As you create your map in ArcGIS Online or ArcGIS Enterprise, you have the opportunity to go beyond the smart mapping defaults to create a story centered around your knowledge of the subject and the data. So how do you know which options to use?
It’s as easy as 1-2-3!
1: Plan it
2: Basemap it
3: Color it
1: Plan it
This step is a mental exercise. It only takes a moment, but can help you later when you are making your color choices. Think of your map as the interface to your data. You have been tasked to create this interface, so it is important to be as clear as possible for your audience.
You want to relay an important message, so take advantage of color to tell your narrative, rather than just dumping data onto the map. Really consider why you are making your map:
Are you answering a question?
Are you trying to convince someone to take action?

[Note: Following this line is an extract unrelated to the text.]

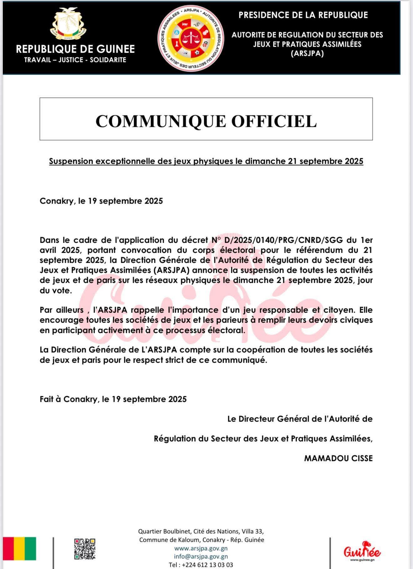 A travers un communiqué dont la copie est parvenue samedi 20 septembre à notre rédaction, l’Autorité de Régulation du Secteur des jeux et Pratiques Assimilées ( ARSJPA) annonce la suspension exceptionnelle  des jeux physique ce dimanche en raison de la tenue du referendum constitutionnel sur l’étendue du territoire national. Elle encourage toutes les sociétés de jeux et les parieurs à remplir leur devoir civique  en participant activement à ce processus électoral.

No matter your purpose, make sure to take a step back as you make your color choices, and think “what is this map telling me?” When looking through the options, consider that certain colors, like red, might unintentionally bring on negative or string emotions. Color can make people feel differently about your topic, so consider what you want your audience to feel when they look at the map.
2: Basemap it
Smart mapping will offer color ramps suitable for each basemap, so it is good practice to choose your basemap first. It only takes seconds, and helps create context for your map. You can make a choice from the Basemap Selector, the Living Atlas, or your own custom basemap.

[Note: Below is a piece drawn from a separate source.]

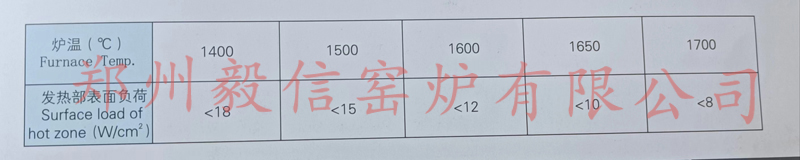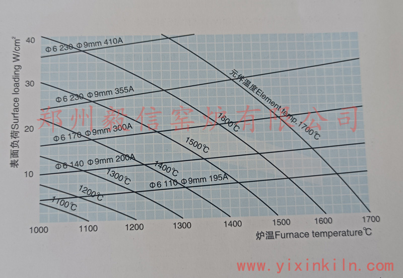 根据炉子的结构、气氛和温度正确的选择元件的表面负荷是达到较长元件寿命的关键。下图示出了硅钼棒元件辐射在不受阻碍情况下的炉温、元件温度与表面负荷间的关系,阴影部分为常用的表面负荷-温度范围

You can also use transparency on your basemap and the reference labels in order to draw more attention to your data.
3: Color it
Smart mapping will automatically provide you a map using a “High to Low” theme. This is a great way to emphasize the highest and lowest values in your data using a gradient of colors, or two distinct colors (one for the highest and one for the lowest). For example, if the city of Des Moines, IA wants to map the annual average daily traffic on its roads, the default High to Low theme highlights which roads have the most traffic with the darkest color in the ramp.
Remember our first tip? Let’s put it into action. We can select one of the many color ramp options to change the roads from the default blue to a brown. The use of brown instead of blue might make more sense to the audience in the context of the map showing roads and car traffic.
Another way to change the story being told, is to change the theme option to Above and Below. This centers the map around an central value, using color to show which features have values above or below the specified value. By default, smart mapping uses the statistical average of your data, but you can also adjust the center to a value which you know is meaningful to the map subject.
For example, if the city of Des Moines wants to know which roads have above-average daily traffic, they could use the Above and Below theme to easily highlight the pattern. When using this technique, smart mapping provides color ramps that diverge into two different colors, where the value you choose to center your map will be the point at which the colors split. In this map, we can easily see that the brown streets have daily traffic levels that are above average, while blue streets are below-average.
Small adjustments can make a world of difference within your maps. While smart mapping can create a valuable default map for you, these basic tips can help you create more informative narratives using your knowledge of the data.